→ Assignment: Any picture in the data below should be skipped, while every line is repeated exactly.

→ Data below:

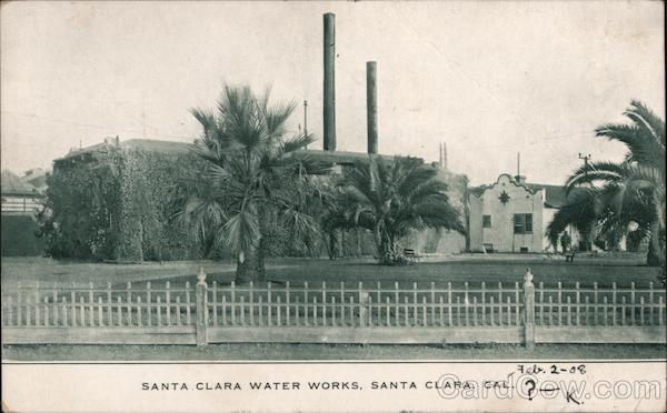 Front: 38 Feb. 2-08 SANTA CLARA WATER WORKS, SANTA CLARA, CAL. Back: NERAL POST CARDOT KLIN 190 FRANCISCO CAL MESSAGE PUBLISHED BY THE POLYCHROME CO SA Miss Myrale Noorten, . Modesto, cal. 8
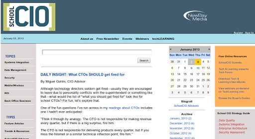 Thanks to SchoolCIO’s Ellen Ullman (editor) for sharing this edited (thank goodness) version of my wannabe tome, What CTOs SHOULD Get Fired For. You can read the edited version online at the SchoolCIO site.
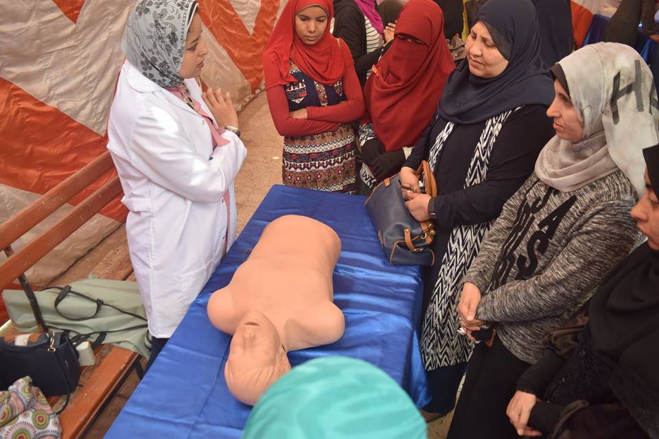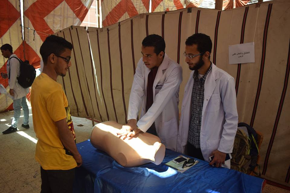 إنتهت فاعليات الخيمة التمريضية السنوية للإسعافات اﻷولية، والتى ينظمها قطاع شئون البيئة وتنمية المجتمع بكلية التمريض. ويتم خلال الخيمة تعليم الحقن بأنواعة وقياس العلامات الحيوية (الضغط) وقياس السكر وفحص الثدى الذاتى للنساء والإنعاش الرئوى والتعامل مع الكسور والحروق واللدغات وقد قام بإفتتاحها الأستاذ الدكتور أحمد عزيز رئيس الجامعة والأستاذ الدكتور سامية محمد سعيد عميد كلية التمريض وقد أظهر الطلاب نشاطا ملحوظا خلال الخيمة وقد أجرين أكثر من لقاء تلفزيونى وقد توافد الكثير من الطلاب وضيوف الجامعة على الخيمة السنوية للكلية .

→ Reply to the exercise:
 Front: 38 Feb. 2-08 SANTA CLARA WATER WORKS, SANTA CLARA, CAL. Back: NERAL POST CARDOT KLIN 190 FRANCISCO CAL MESSAGE PUBLISHED BY THE POLYCHROME CO SA Miss Myrale Noorten, . Modesto, cal. 8
 Thanks to SchoolCIO’s Ellen Ullman (editor) for sharing this edited (thank goodness) version of my wannabe tome, What CTOs SHOULD Get Fired For. You can read the edited version online at the SchoolCIO site.
 إنتهت فاعليات الخيمة التمريضية السنوية للإسعافات اﻷولية، والتى ينظمها قطاع شئون البيئة وتنمية المجتمع بكلية التمريض. ويتم خلال الخيمة تعليم الحقن بأنواعة وقياس العلامات الحيوية (الضغط) وقياس السكر وفحص الثدى الذاتى للنساء والإنعاش الرئوى والتعامل مع الكسور والحروق واللدغات وقد قام بإفتتاحها الأستاذ الدكتور أحمد عزيز رئيس الجامعة والأستاذ الدكتور سامية محمد سعيد عميد كلية التمريض وقد أظهر الطلاب نشاطا ملحوظا خلال الخيمة وقد أجرين أكثر من لقاء تلفزيونى وقد توافد الكثير من الطلاب وضيوف الجامعة على الخيمة السنوية للكلية .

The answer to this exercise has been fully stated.